GIVEN INFORMATION —
"""

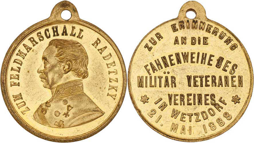 Wetzdorf 1888 - svěcení praporu veterán.spolku 21.5., poprsí maršála Radeckého zleva, opis / 7-řádk. nápis, Nesign., zlacený bronz 27 mm s původním raž. ouškem
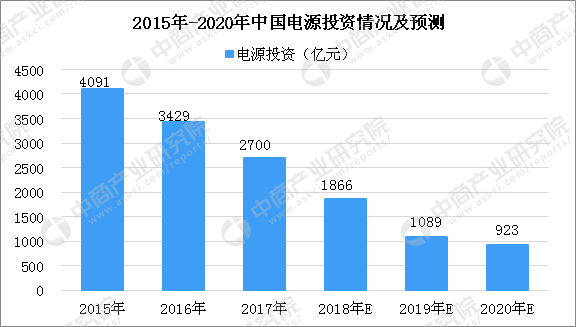 2017年,電源工程建設(shè)完成投資2700億元,與2016年相比下降20.8%。2018年年1-5月,我國(guó)主要發(fā)電企業(yè)電源工程完成投資726億元,同比下降5.4%。預(yù)計(jì)2018年我國(guó)電源投資總額將達(dá)到1866億元,2020年投資總額將降至千億元下方,為923億元。
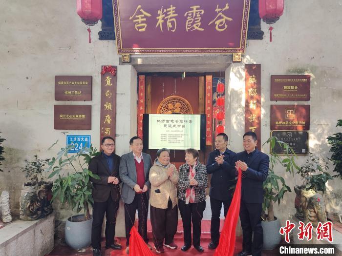 2日舉行的林紓古宅蒼霞精舍復建展示會上,林家后人、李家后人等一同為“蒼霞精舍”揭牌。中新網記者葉秋云攝
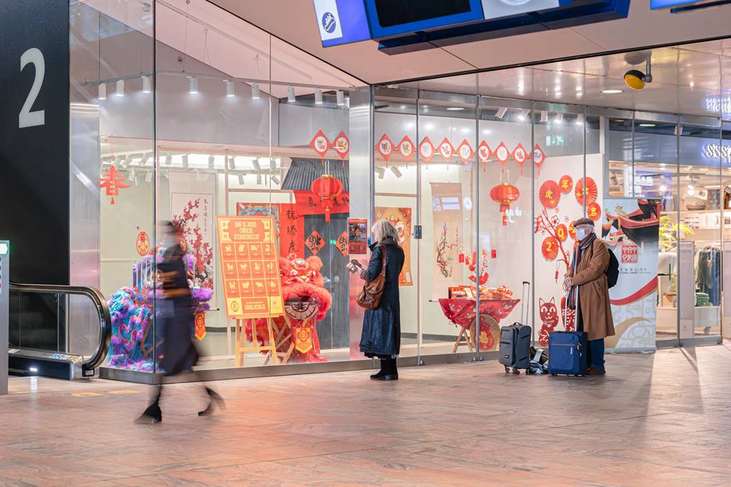 Photo shows a pop-up window display with the theme of "Happy Spring Festival", featuring the design by Hu Fenmei, at Rotterdam Central Station in Rotterdam, the Netherlands. (Photo/China Cultural Center Den Haag)

"""

ABOUT THIS EXERCISE —
Restate the listing above word for word, and skip the pictures.

OUTPUT FOR THIS EXERCISE —
 Wetzdorf 1888 - svěcení praporu veterán.spolku 21.5., poprsí maršála Radeckého zleva, opis / 7-řádk. nápis, Nesign., zlacený bronz 27 mm s původním raž. ouškem
 2017年,電源工程建設(shè)完成投資2700億元,與2016年相比下降20.8%。2018年年1-5月,我國(guó)主要發(fā)電企業(yè)電源工程完成投資726億元,同比下降5.4%。預(yù)計(jì)2018年我國(guó)電源投資總額將達(dá)到1866億元,2020年投資總額將降至千億元下方,為923億元。
 2日舉行的林紓古宅蒼霞精舍復建展示會上,林家后人、李家后人等一同為“蒼霞精舍”揭牌。中新網記者葉秋云攝
 Photo shows a pop-up window display with the theme of "Happy Spring Festival", featuring the design by Hu Fenmei, at Rotterdam Central Station in Rotterdam, the Netherlands. (Photo/China Cultural Center Den Haag)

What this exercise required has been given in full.